Brief Summary: To investigate the efficacy and safety of OPC-6535 in COPD patients, using the measurement of trough FEV1 over time as the primary endpoint.

Detailed Description: Not available

Recruitment & Eligibility

Status: COMPLETED

Sex: All

Target Recruitment: 771

Inclusion Criteria

Age 40 to 75 years, inclusive, at the time informed consent is obtained
Ability to provide own written informed consent
Agree to use an appropriate method of contraception until 3 months after the last dose of the investigational medicinal product (IMP)
A rating of 1 or higher on the Goddard scale in assessment of emphysema severity by chest CT scan at screening
Ratio of forced expiratory volume in 1 second to forced vital capacity (FEV1/FVC) of less than 70% at screening
Cigarette smoking history of at least 20 pack years at screening

Exclusion Criteria

Subjects with obstructive disorders due to bronchial asthma
Subjects receiving long-term oxygen therapy
Subjects with active tuberculosis or obvious bronchiectasis
Complication of malignant tumor
Uncontrolled cardiovascular, endocrine, blood, or nervous system disorders
Uncontrolled condition with COPD exacerbation of level 2 or 3 within 8 weeks prior to the start of washout period (within 12 weeks prior to start of treatment period)

Study & Design

Study Type: INTERVENTIONAL

Study Design: PARALLEL

Arm && Interventions

Group	Intervention	Description
placebo	placebo	-
OPC-6535 25mg	tetomilast (OPC-6535)	-
OPC-6535 50mg	tetomilast (OPC-6535)	-
OPC-6535 12.5mg	tetomilast (OPC-6535)	-

Primary Outcome Measures

Name	Time	Method
Trough Forced Expiratory Volume in 1 Second (FEV1) Change From Baseline to 24 Months	Baseline, 24 months	Measurement over time (from baseline over the 24-month treatment period) and change from baseline to end of the treatment period.

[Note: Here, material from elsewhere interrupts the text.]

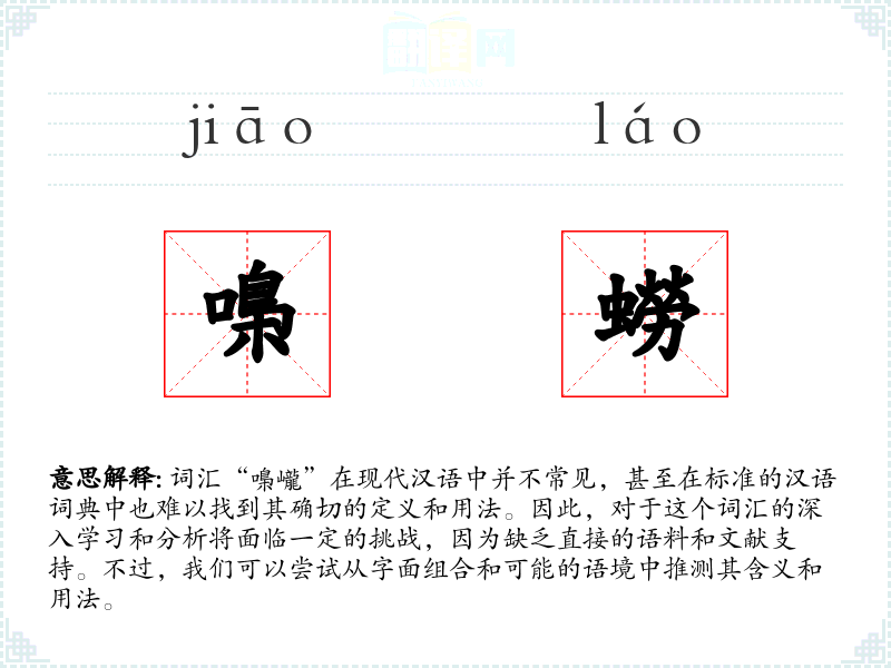对于“嘄巄”这个词汇的深入学习和分析,我们发现它在现代汉语中并不常见,缺乏具体的语料和文献支持。因此,我们只能从字面组合和可能的语境中推测其含义和用法。在语言学习和表达中,了解和掌握常用词汇更为重要,而这类不常见的词汇可能在特定的文学或学术研究中才有其价值。

Secondary Outcome Measures

Name	Time	Method
Change From Baseline at 24 Months in Total Symptom Diary Score	Baseline, 24 months	Subjects were required to keep a symptom diary throughout the entire trial period from the start of investigational medicinal product (IMP) administration in the washout period until the end of the treatment period. Assessment items included scores for shortness of breath, cough, and sputum, IMP compliance, use of salbutamol and respiratory symptom medications, and smoking status. Subjects recorded a score of between 0 and 3, with 0 indicating no symptoms and 3 indicating a high level of symptoms, for each domain.
Change From Baseline at 24 Months in St. George's Respiratory Questionnaire (SGRQ) Total Score	Baseline, 24 months	The SGRQ is a self-administered questionnaire designed to measure and quantify the impact of chronic respiratory disease on health-related quality of life (QOL) and well-being in three domains: symptoms, activity, and impact on daily life. The SGRQ was completed by each subject prior to IMP administration at baseline and at Month 6, Month 12, Month 18, and Month 24 (end of treatment). A weighted score based on population norms for each dimension and total was evaluated. Scores were expressed as a percentage of overall impairment where 100 represented worst possible health status and 0 indicated best possible health status. Scores were calculated when less than 24% of the item scores were missing, otherwise the scores were set to missing. Where there were multiple answers for a question, the worst case was used.